No announcement yet.
  • Filter
  • Time
  • Show
Clear All
new posts

  • Creating single index using PCA

    Hello dear STATA users,

    I am struggling to understand the index score generation using PCA. First of all, I scaled my variables between zero (worst) and 1 (best) because the original variables have wildly different scales. Then I run PCA on the scaled variables.

    Please see the PCA output below.

    . pca sc_vul_m sc_vul_ex sc_n5y sc_od

    Principal components/correlation Number of obs = 27
    Number of comp. = 4
    Trace = 4
    Rotation: (unrotated = principal) Rho = 1.0000

    Component | Eigenvalue Difference Proportion Cumulative
    Comp1 | 2.34104 1.33824 0.5853 0.5853
    Comp2 | 1.0028 .380757 0.2507 0.8360
    Comp3 | .622046 .587939 0.1555 0.9915
    Comp4 | .0341067 . 0.0085 1.0000

    Principal components (eigenvectors)

    Variable | Comp1 Comp2 Comp3 Comp4 | Unexplained
    sc_vul_m | 0.6293 -0.0023 -0.2984 -0.7176 | 0
    sc_vul_ex | 0.6205 0.0164 -0.3629 0.6950 | 0
    sc_n5y | 0.0812 0.9813 0.1747 -0.0045 | 0
    sc_od | 0.4609 -0.1920 0.8653 0.0450 | 0

    Based on my research, after PCA, I needed to rotate the components and predict the PC1 to use that score as an "index" score. Using basically rotate and predict commands.

    My first question is: as you can see here the sc_n5y is loaded on the PC2 whereas the remaining are on PC1. So, when I rotate and predict the score, the sc_n5y will not contribute that score since it will be PC1 based right? Is there any way to count for both PC1 and PC2 and generate an index score out of those?

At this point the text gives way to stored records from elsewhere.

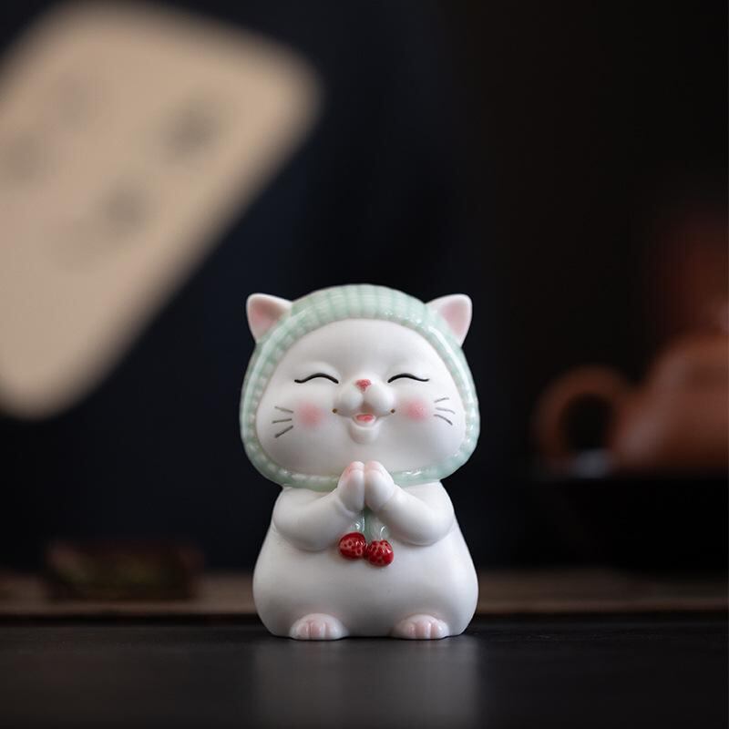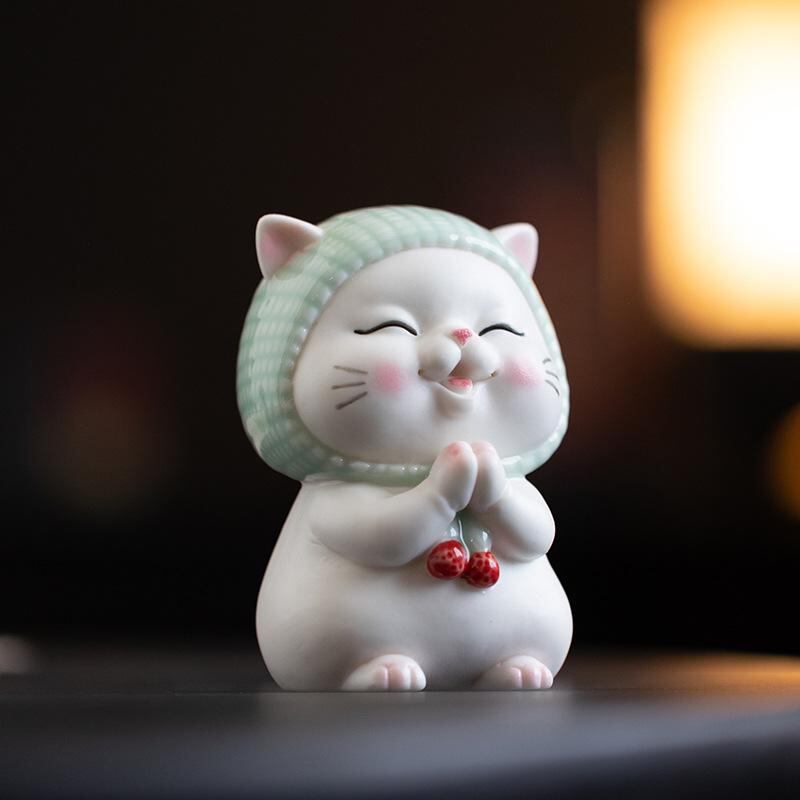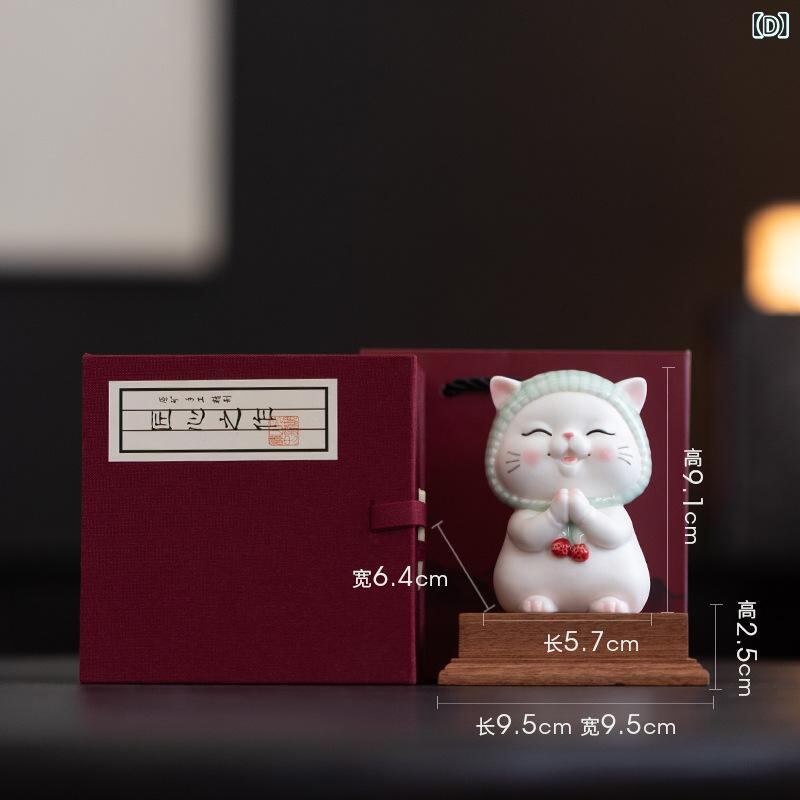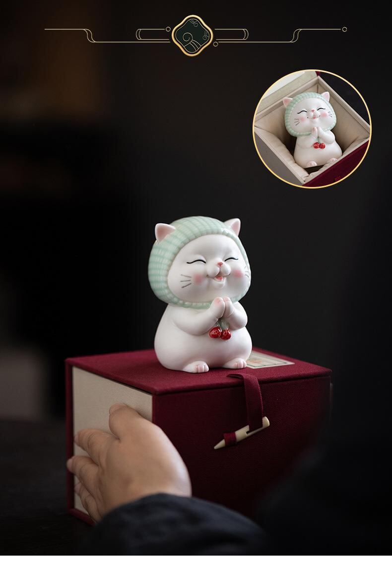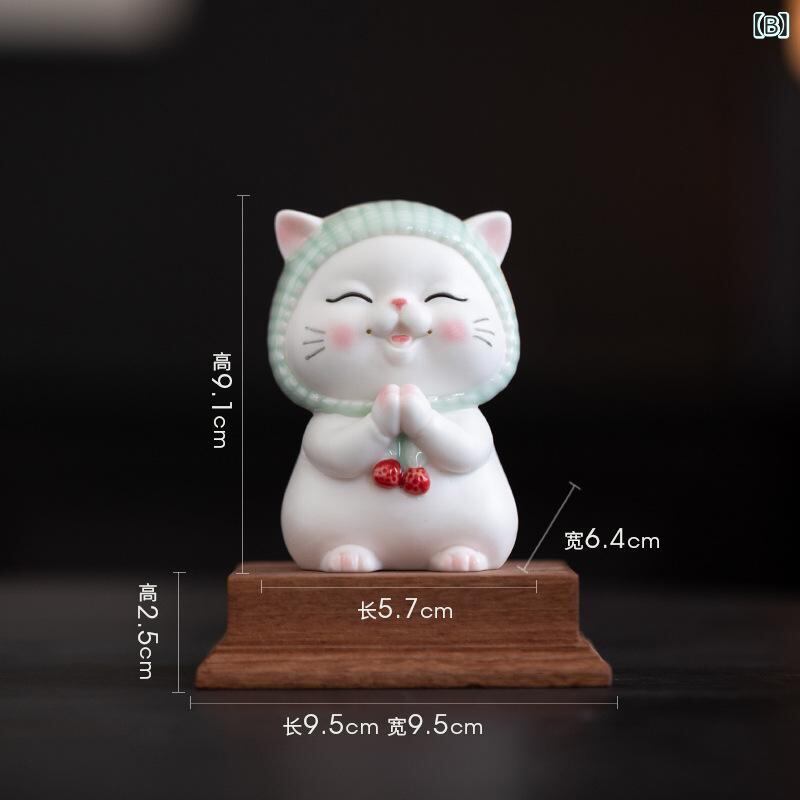 置物 招き猫 かわいい 子猫 手作り 陶器 インテリア 雑貨 開運 縁起物 デスク 玄関 リビング 装飾 オブジェ ギフト プレゼント
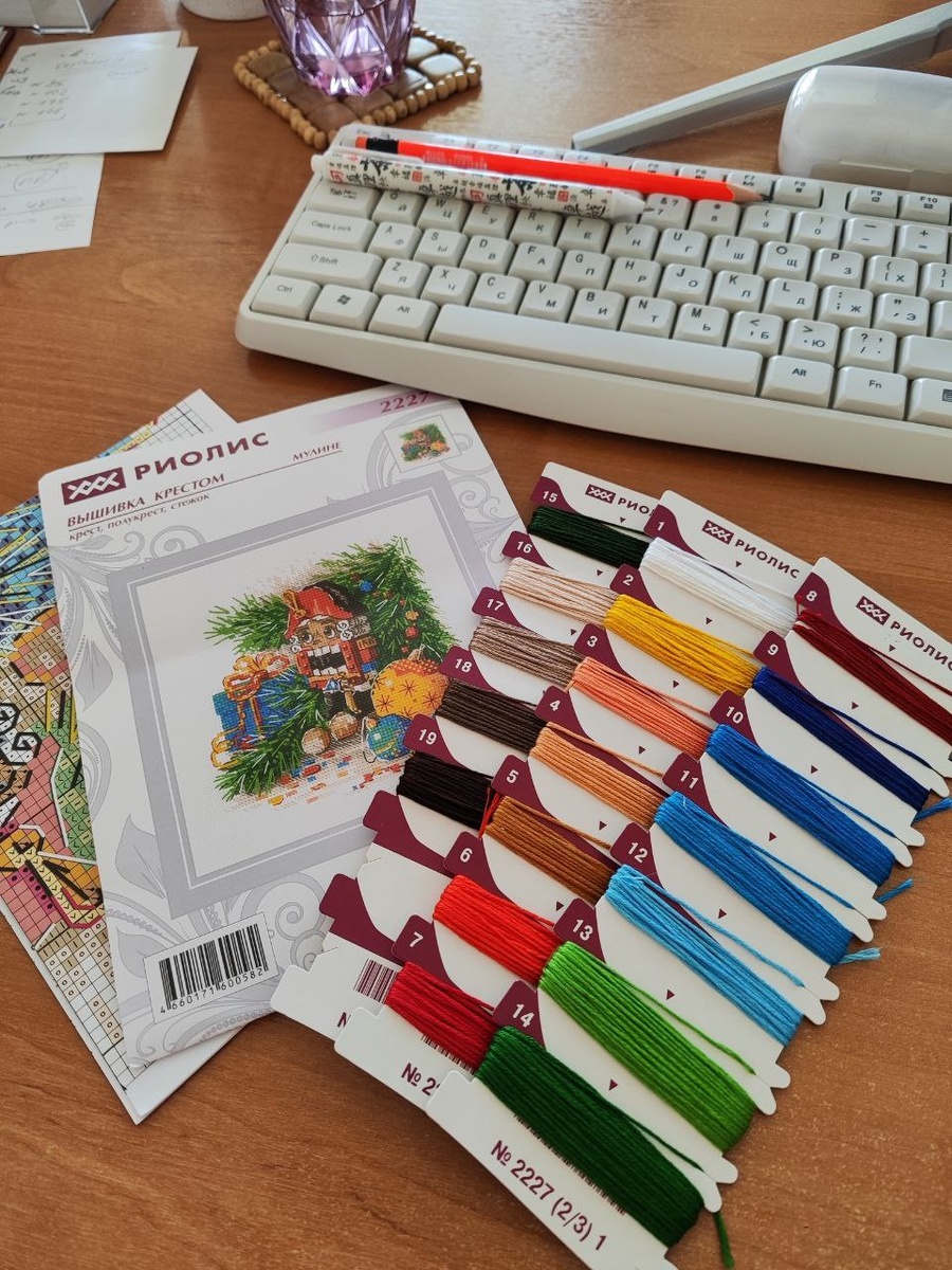 Определилась с новогодним сюжетом и с чистой совестью сделала заказ на WB ☺️ Ну Риолис же!!! Это же Риолис! Как давно я не держала в руках наборы этого производителя! Как долго ждала встречи с ним! Захожу в приложение, смотрю заказ доставлен и лечу в пункт выдачи... волосы назад... Щас думаю, как получу, как сразу же на работе распакую, пощупаю эти шерстяные, тёпленькие, согревающие в зиму ниточки .... Ага!!! Щаа!!! Читать, деточка, не пробовала информацию в карточке товара, прежде чем глаза свои заведующие и руки загребущие в ход запускать ?!!! Какая шерсть? Ну какая шерсть, Оксана?!!!! 🤭 В наборе хлопковое мулине ... мулине .... Да яркие, да праздничные новогодние, но 🥹... Ну кто тебе виноват, слепая тетеря?! Шей теперь вполне себе новогоднего Щелкунчика, но обыкновенными ниточками... Эх, надо хоть основу подобрать интересную что ли и ниточки Brill добавить в работу. Короче какой-то не стандартный Риолис попался мне на глаза) ну ничего, в корзине полно шерстяных ещё, я прове
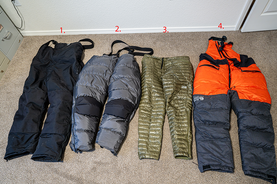 Feathered Friends Frontpoint Expedition Down Pants (2.). These are the warmest stand alone down pants I own. With my Patagonia heavy weight long johns layered underneath, I’m good to -30F wearing these pants. They are packed with 900+ fill down, and have a waterproof durable Pertex fabric. And they are incredibly light. My only wish is they made them in a bib to better seal out the cold along the waistline.
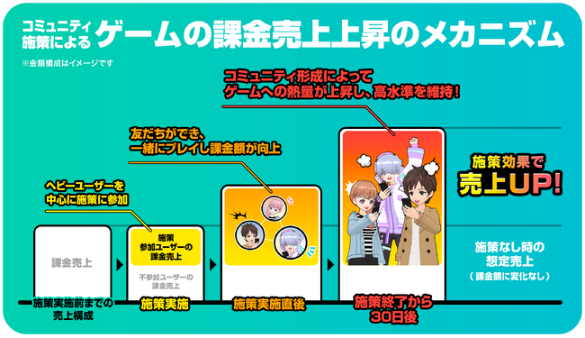 実際に、コミュニティ施策を実施したゲームタイトルでは、施策に参加したユーザーとそうでないユーザーの課金額に差が出ており、コミュニティ施策がゲームの課金売上上昇に貢献していることがわかっています。
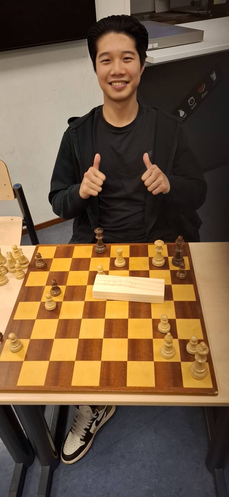 Hier hebben we dus ook veel om kunnen lachen en langzamerhand eindigde de ene na de andere partij. Uitslagen: Rene Burger en Bas vd Putte speelde remise en Xander wist als enige te winnen. Super!! Verder ook felicitaties aan Michel Goedegebuur die zijn eerste pot snel verloor maar zijn revanche pot ook een remise wist af te dwingen.
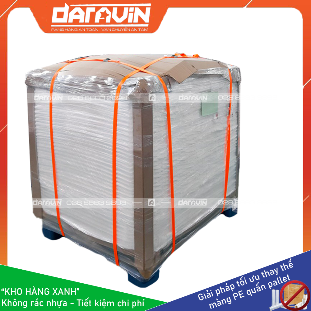 - Tiết kiệm chi phí dài hạn: Màng PE truyền thống quấn hàng pallet chỉ sử dụng được 1 lân, khi xuất hàng đi thì ta không sử dụng lại được. Với giải pháp Kho Hàng Xanh của DARAVIN có thể tái sự dụng lại nhiều lần giúp doanh nghiệp tiết kiệm chi phí mua màng PE hàng tháng, tiết kiệm chi phí điện năng cho máy quấn PE, tiết kiệm chi phí cho bên môi trường thu gom và xử lý rác thải nhựa từ PE.
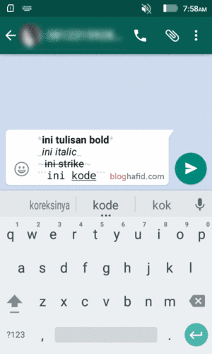 Dengan update tersebut pengguna kini bisa melakukan formatting text atau customize format huruf seperti cetak tebal bold miring italic dan teks yang dicoret strikethrough. Kemudian taip perkataan atau ayat diingini di kotak teks yang disediakan. Tapi kalau mau anda juga bisa coba beri tanda bintang misalnya kalimat whatsapp.
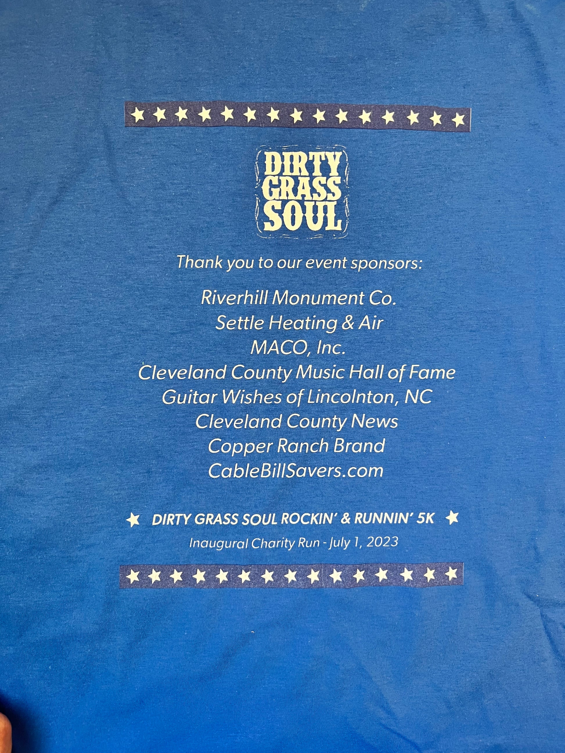 These are the emaining Shirts from the Inaugural Dirty Grass Soul Rockin’ & Runnin’ 5K last weekend.
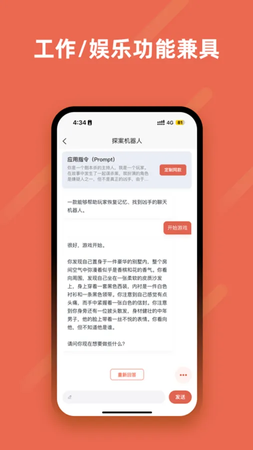 通过文本剧情情景的设置,您可以扮演其中的主要角色与AI互动交流,沉浸式体验文本带来的精彩世界与情感陪伴。
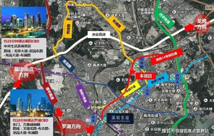 :水官高速、丹平快速直连龙岗中心城、罗湖,自驾便捷
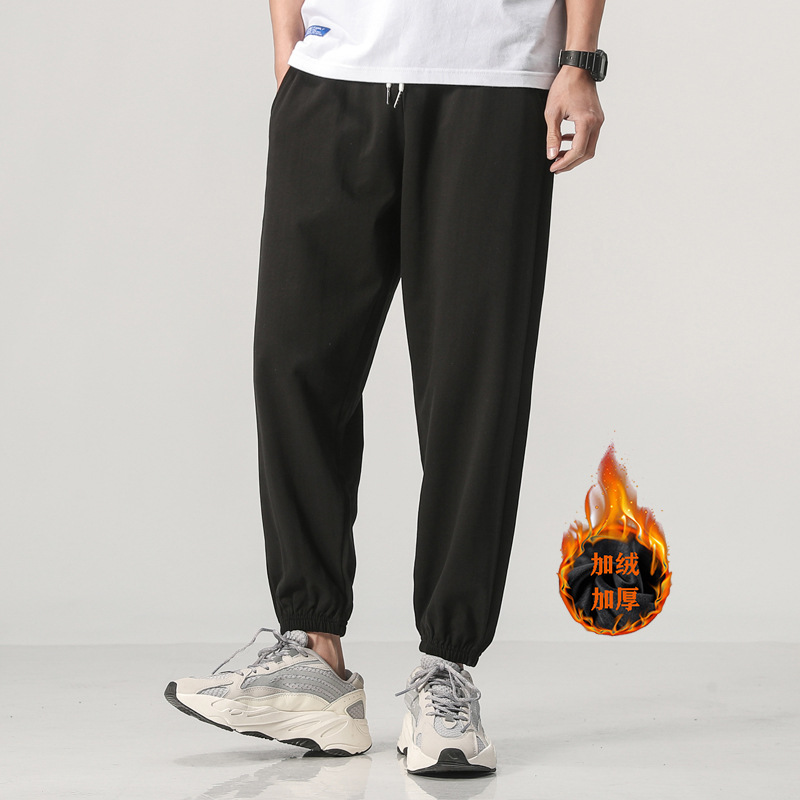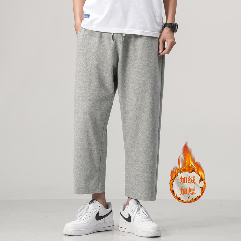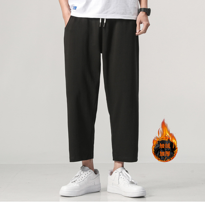 Главная страница > Спортивные штаны на флисовой подкладке, мужские маленькие повседневные брюки с восемью точками, мужские зимние утолщенные свободные однотонные спортивные штаны для мужчин с высоким носком
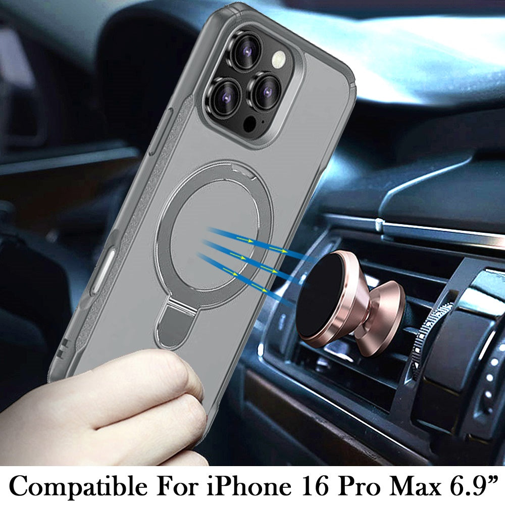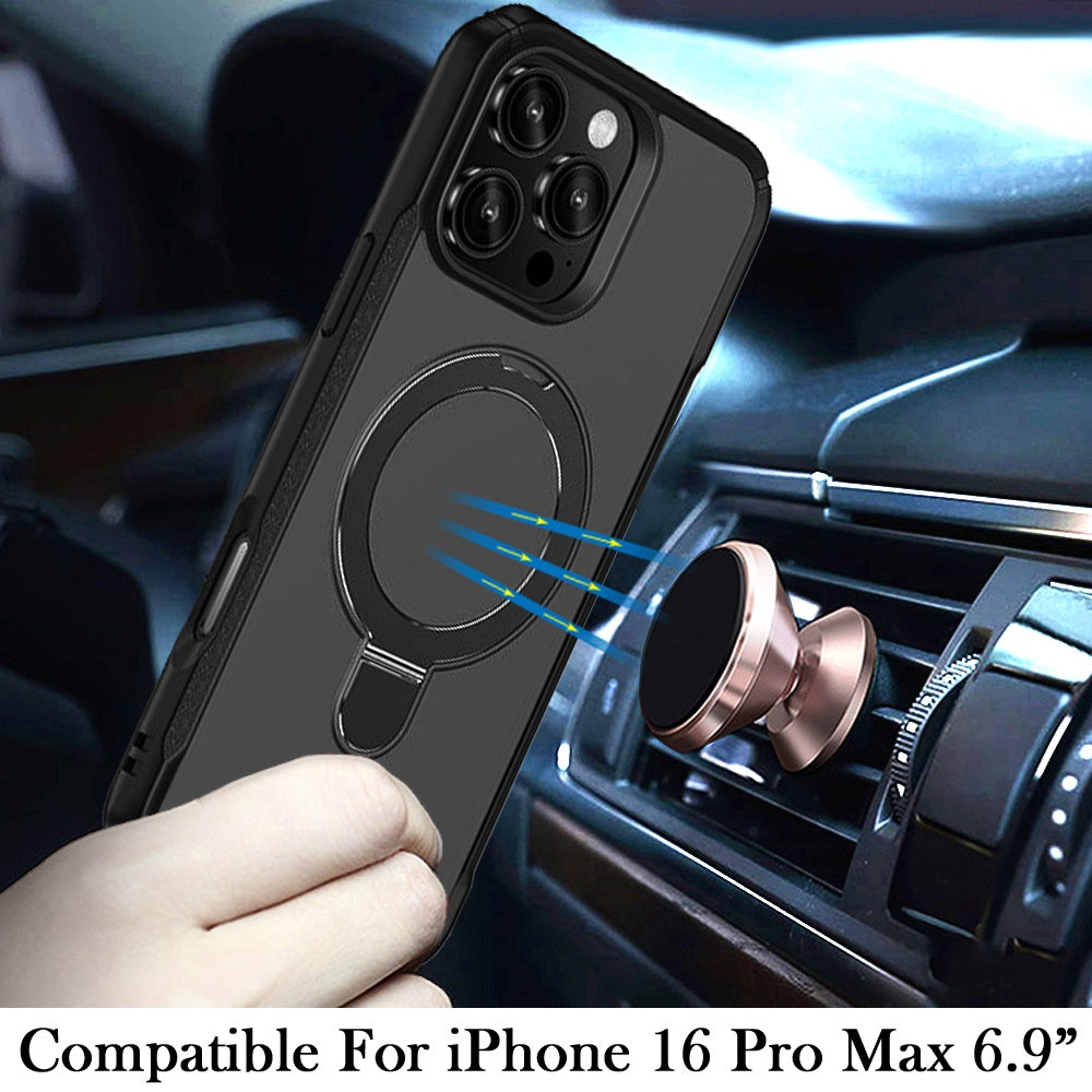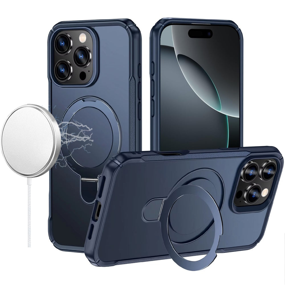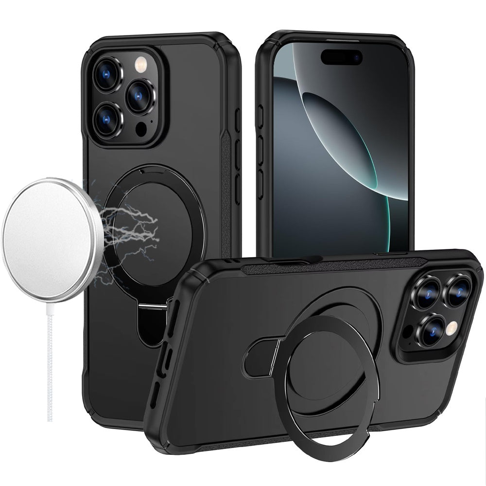 Shockproof Phone Cover with Magnetic Metal Circle Stand + Tempered Glass Screen Protector

    My second question is about the rotate function. When I only type rotate , the rotation is applied to the all PCs however, I don't need to take PC3 and PC4 into account since they don't provide useful information. In such case, if I run rotate comp1 comp2 my result are different than rotate results. In this case, in order to achieve an index score from this PCA, which one shall I choose? I see this being a problem because of lack of correlation between sc_n5y and others. Is there any way to count all in one index thru the PCA analysis?

    Many thanks!

    Last edited by Gizem Levent; 05 Mar 2021, 09:57.

  • #2
    Warning: Prejudices ahead.

    I'd back up and look at a scatter plot matrix and correlation matrix here. The indications are that sc_5ny is uncorrelated with the other three variables. This is not a situation in which any PC, or any combination of PCs. is going to be more helpful than using the original variables (and perhaps finding out that not all are useful for whatever is the ultimate purpose).

    This practice of index construction is locaiized to some subfields. I've never seen a convincing rationale. The Holy Grail is, according to the sales pitch, a single composite variable that somehow stands for several, but even when that is possible, you are better off choosing one of them or doing something a lot simpler, like a plain average.


    • #3
      Thank you so much for your response Mr. Cox! I guess I might try to use a more simplistic approach then.. Much appreciated!